Games like 'What Remains of Edith Finch' handles the literary and primary source based diegetic narrative, with games like Firewatch or similar expanding on the premise as genre-games. Then you have the likes of Journey or To The Moon serving to upturn expectations on concepts of traditional narrative and structure, and things like The Stanley Parable satirically prodding the nature of choice and narrative viz a viz a player's actual agency.

In the ghetto of SCUMMWare point and click games with cartoonish graphics and themes I'm sure Myst was a breath of fresh air. Intellectually, however, any number of games make it look like a remedial student.

Take 'The Fool's Errand'- a 1987 computer game by Cliff Johnson which presents itself as a point and click meta-puzzle with an overarching narrative extrapolated through various visual and logic puzzles and a cryptic treasure map. The game is structured as a storybook divided into five parts, each containing a large number of different chapters; the storybook can be paged through and read as continuous prose on screen. Starting to sound familiar? No doubt, as both it and Myst lift a lot of their inspiration wholesale from Masquerade by Kit Williams

https://en.wikipedia.org/wiki/The_Fool%27s_Errand https://en.wikipedia.org/wiki/Masquerade_(book)

Jumping back to the soft-core philosophical gum-chewing, we can see the same themes emerge in a far more articulate sense as early as the Gibson/Dick-esque dystopian nightmare of Deus Ex in 2000.

Deus Ex played with any number of interesting literary vehicles including a 'novel within a novel', the agency of man vs AI and its textual interaction with the world, the inversion of symbols and signifiers, and a huge debt owed to both Gravity's Rainbow and Foucalt's Pendulum structurally and thematically. Hell, G.K. Chesterton's metaphysical thriller 'The Man Who Was Thursday' is included in excerpts throughout the game simply for flavour!

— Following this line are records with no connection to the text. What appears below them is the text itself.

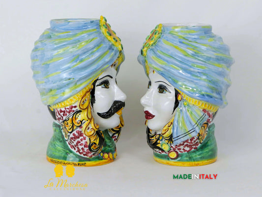 Teste di Moro in Ceramica di Caltagirone turbante celeste 23cm
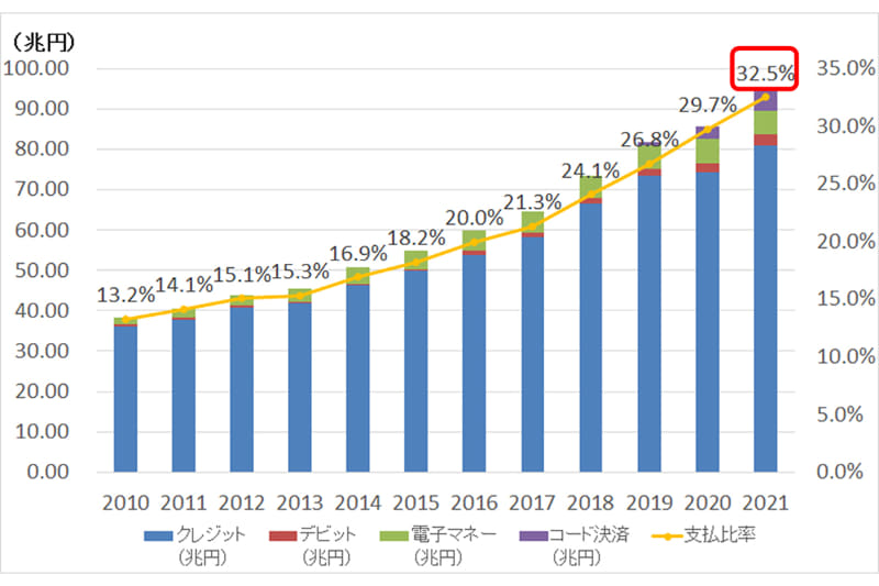 22年のキャッシュレス決済比率は36% 決済額は100兆超え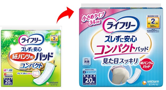 ・『ライフリー ズレずに安心 紙パンツ用パッド コンパクト』のパッケージデザインを刷新。着用した様子を写真で表現し、ズレずに安心シリーズ同様のブルーカラーを採用しました。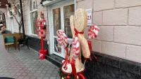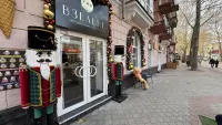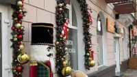 Уже некоторые предприниматели красиво украсили фасады зданий в новогодней тематике.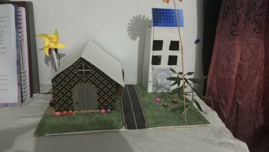 تم إنجاز المجسّم باستعمال مواد بسيطة ومتنوعة، من بينها: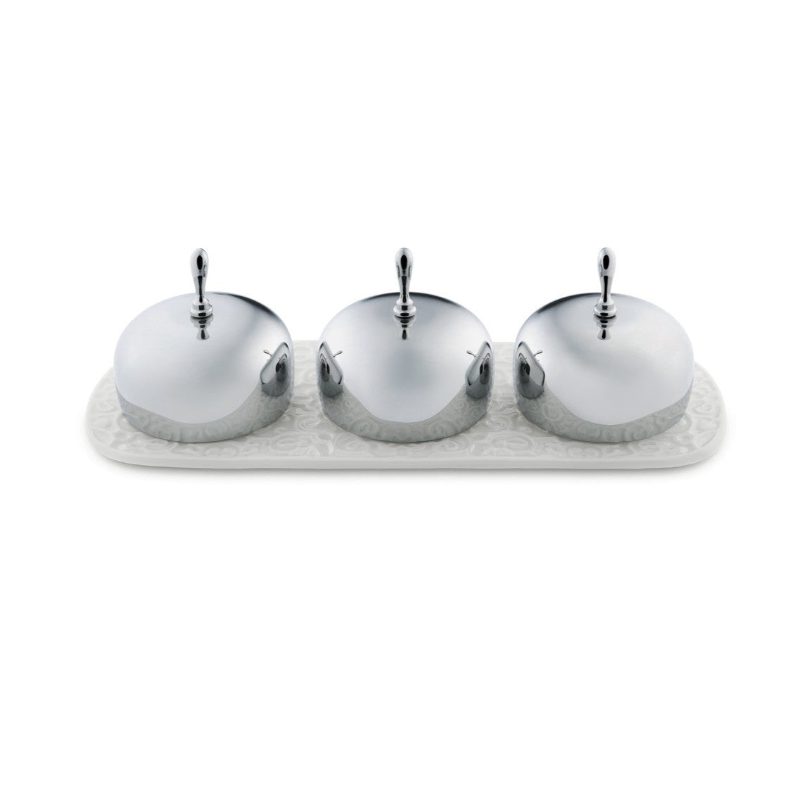 Jamkommen gemaakt van porselein en roestvrij staal is een elegante aanvulling op de ontbijttafel. Hun ontwerp, ontworpen door Marcel Wanders, combineert functionaliteit met esthetiek en biedt een eenvoudige, maar subtiel versierde vorm. Elke kom heeft een stalen deksel dat verfijning toevoegt en helpt de inhoud vers te houden. Het decoratieve dienblad met ruimte voor drie kommen geeft het geheel een harmonieuze uitstraling, perfect voor elegante ontbijten en feesten.

Nowadays there's plenty of easy and lazy comparisons to make based on similar mechanics and core gameplay loop - The Talos Principle or Soma for example - but I'd go more recently with Disco Elysium, which owes huge amounts thematically to China Mieville's 'The City and the City' and Émile Zola's 'Germinal'. I would like to go on (for thousands of words) but I would only spoil people's enjoyment of a TRUE creative literary tour de force and game that requires appropriate and actual intellectual rigour to engage with.